▼▼▼

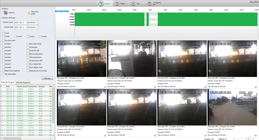 Na time-line será possível visualizar em modo gráfico a quantidade de gravação do período de 00:00 as 23:59 de uma dia.
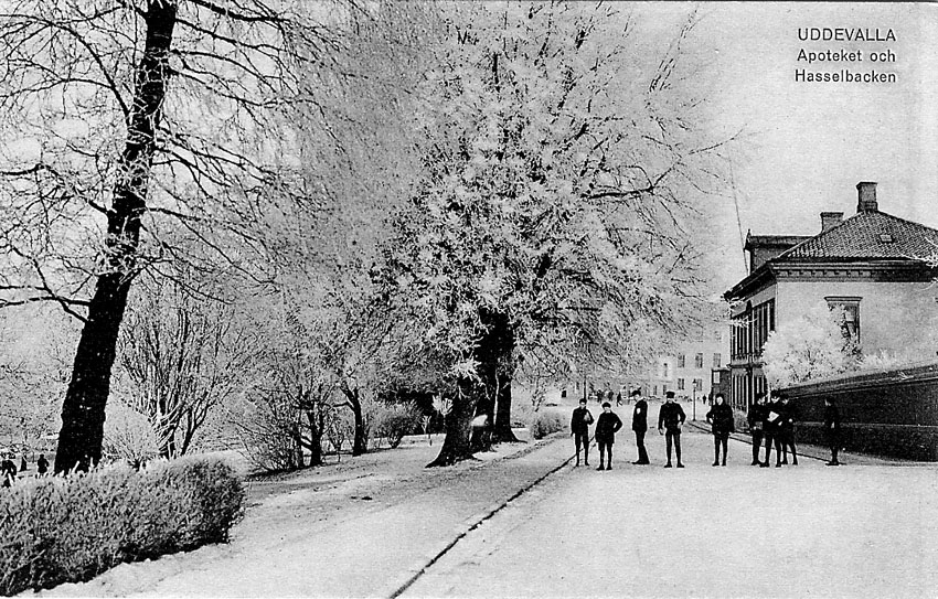 Tryckt text på vykortets framsida: "Uddevalla. Apoteket och Hasselbacken".
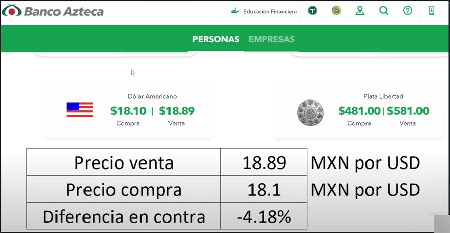 Podemos ver que están vendiendo los dólares a $18.89 pero la compra es mucho menor, en $18.1 pesos por dólar.
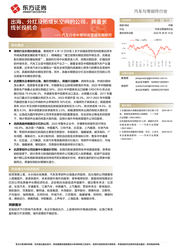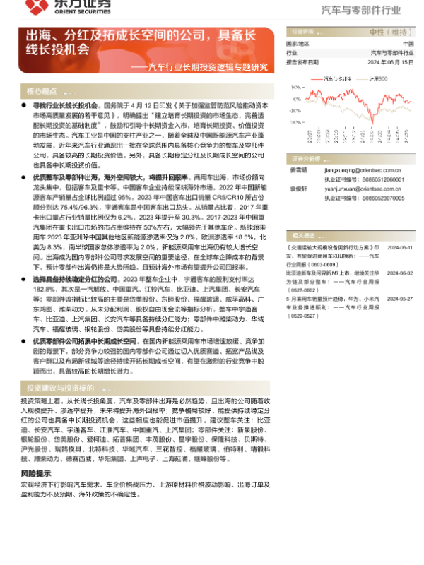 【东方证券】【20240615】2024年09月27日更新-【东方证券】汽车行业长期投资逻辑专题研究:出海、分红及拓成长空间的公司,具备长线长投机会-40页
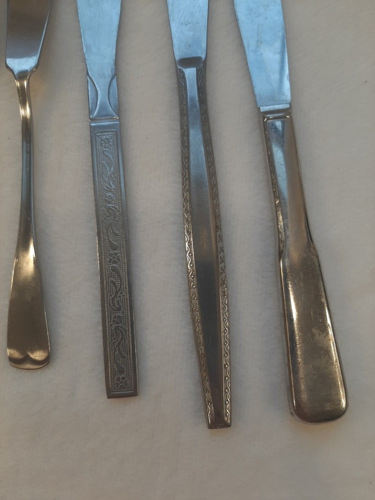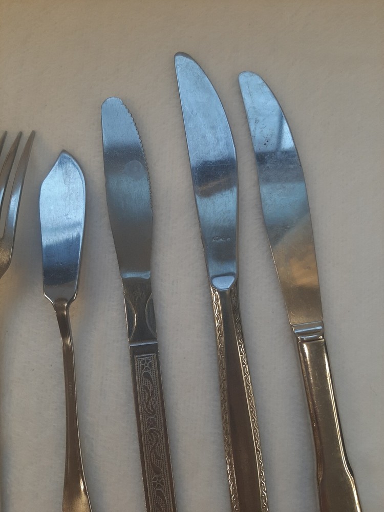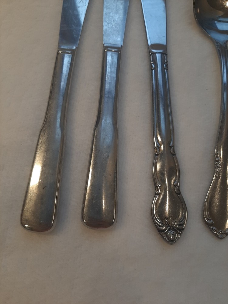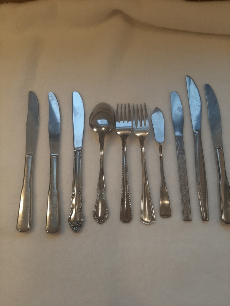 Mixed Lot of 10 Stainless Flatware Forks/Knifes/Spoons Patterns Replacements In good pre-owned condition may show signs of wear from use/handling/storage/display. Please view all pics for condition/details/flaws/issues. SOLD AS IS Lot of flatware unknown makers 6 dinner knifes 1 butter knife 1 dinner spoon 2 forks There is/maybe marks/spots/dirt/debris/rust/tarnish please see photos 1-20, there is/maybe paint loss/sticker loss please see photos 1-20, there is lite discoloration please see photos 1-20, there are surface scratches to item please see photos 1-20, please see all photos for condition/issues/details.

▲▲▲

What is wanted is an exact copy of the lines from the line with "Tryckt text på" through the end of the records, both ends included, pictures excluded.

Task response:
 Tryckt text på vykortets framsida: "Uddevalla. Apoteket och Hasselbacken".
 Podemos ver que están vendiendo los dólares a $18.89 pero la compra es mucho menor, en $18.1 pesos por dólar.
 【东方证券】【20240615】2024年09月27日更新-【东方证券】汽车行业长期投资逻辑专题研究:出海、分红及拓成长空间的公司,具备长线长投机会-40页
 Mixed Lot of 10 Stainless Flatware Forks/Knifes/Spoons Patterns Replacements In good pre-owned condition may show signs of wear from use/handling/storage/display. Please view all pics for condition/details/flaws/issues. SOLD AS IS Lot of flatware unknown makers 6 dinner knifes 1 butter knife 1 dinner spoon 2 forks There is/maybe marks/spots/dirt/debris/rust/tarnish please see photos 1-20, there is/maybe paint loss/sticker loss please see photos 1-20, there is lite discoloration please see photos 1-20, there are surface scratches to item please see photos 1-20, please see all photos for condition/issues/details.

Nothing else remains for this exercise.